Request an Amendment
If you feel that the PHI we maintain about you is incomplete or incorrect, you may request that we amend it. For example, if your date of birth is incorrect, you may request that the information be corrected. To request an amendment, submit a written request to RxSense. You must include a reason that supports your request. If we deny your request for an amendment, we will provide you with a written explanation of why we denied it.
Receive an Accounting of Disclosures
You have the right to request an accounting of disclosures we make of your PHI for purposes other than administration, payment, analysis, and communication of prescription drug benefits. Please note that certain other disclosures need not be included in the accounting of disclosures we provide to you. To obtain an accounting of disclosures, submit a written request to RxSense. We will provide one accounting per 12-month period free of charge, but you may be charged for the cost of any subsequent accountings. We will notify you in advance of the cost involved, and you may choose to withdraw or modify your request at that time.
Request Confidential Communications
You have the right to request that we communicate with you in a certain way or at a certain location. For example, you may request that we contact you only in writing at a specific address. To request confidential communication of your PHI, submit a written request to the RxSense. Your request must state how, where, or when you would like to be contacted. We will accommodate all reasonable requests.

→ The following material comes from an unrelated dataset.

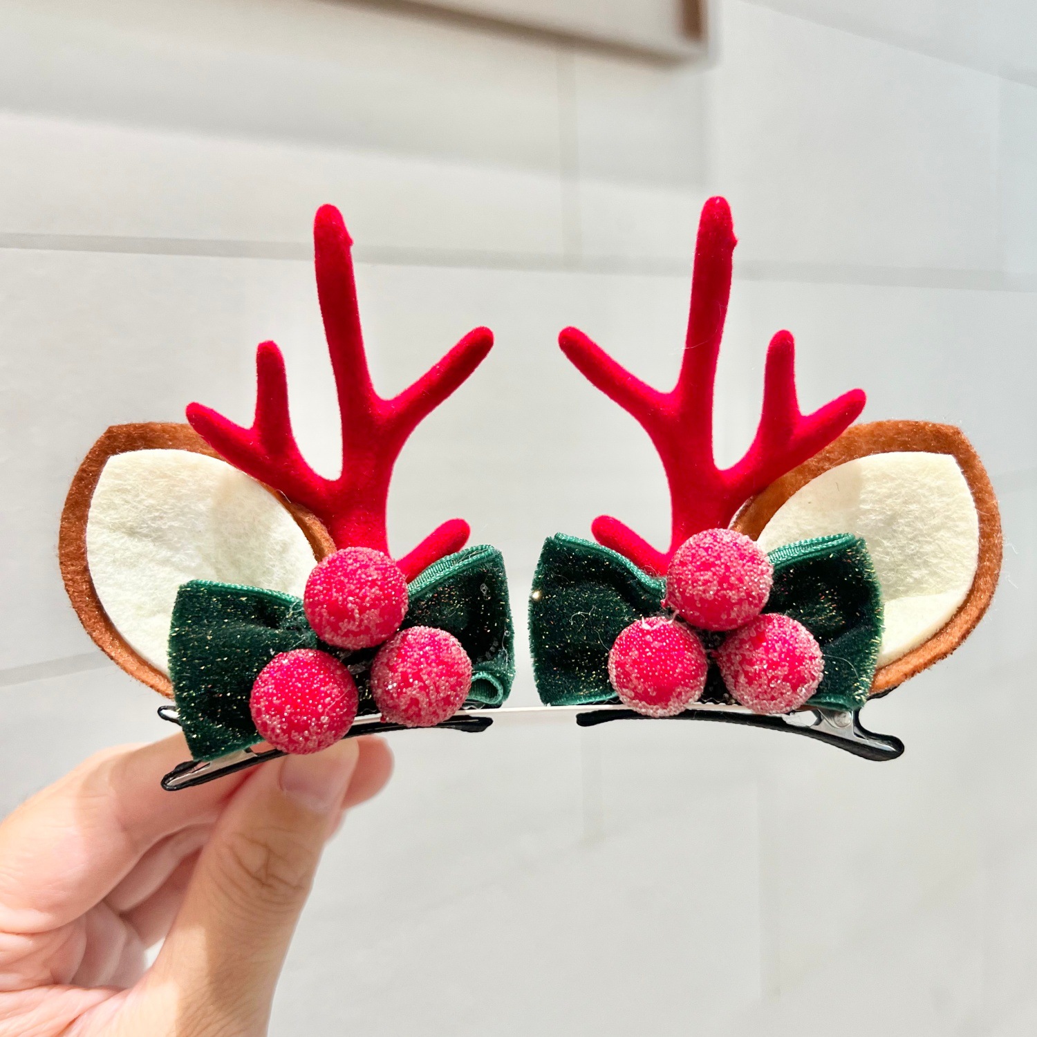 bell green ball antlers a pair of hairclips-red

Request a Restriction on Certain Uses and Disclosures
You have the right to request additional restrictions on our use and disclosure of your PHI by sending a written request to RxSense. We are not required to agree to your request except where the disclosure is to a health plan or insurer for purposes of carrying out payment or health care operations, is not otherwise required by law, and the PHI is related to a health care item or service for which you, or a person on your behalf, has paid in full out-of-pocket. If you do not want a claim for payment submitted to your health plan on record, please discuss with the pharmacist or health care provider when you check in for care or before your prescription is sent to the pharmacy.
Notification of Breach
You have a right to be notified in the event there is a breach of your unsecured PHI as defined by HIPAA.
To Report a Problem
If you believe your privacy rights have been violated, you can file a complaint with RxSense or with the Secretary of the United States Department of Health and Human Services. All complaints must be submitted in writing. You will not be penalized or otherwise retaliated against in any way for filing a complaint.
Changes to This Notice
We reserve the right to make changes to this Notice as permitted by law and to make the revised Notice effective for PHI we already have about you as well as any information we receive in the future, as of the effective date of the revised Notice. If we make material or important changes to our privacy practices, we will promptly revise our Notice. Upon request, RxSense will provide a revised Notice to you. We will also post the revised Notice on our Web site at rxsense.com and will make copies available at our facilities and locations where you receive health care products and services from us.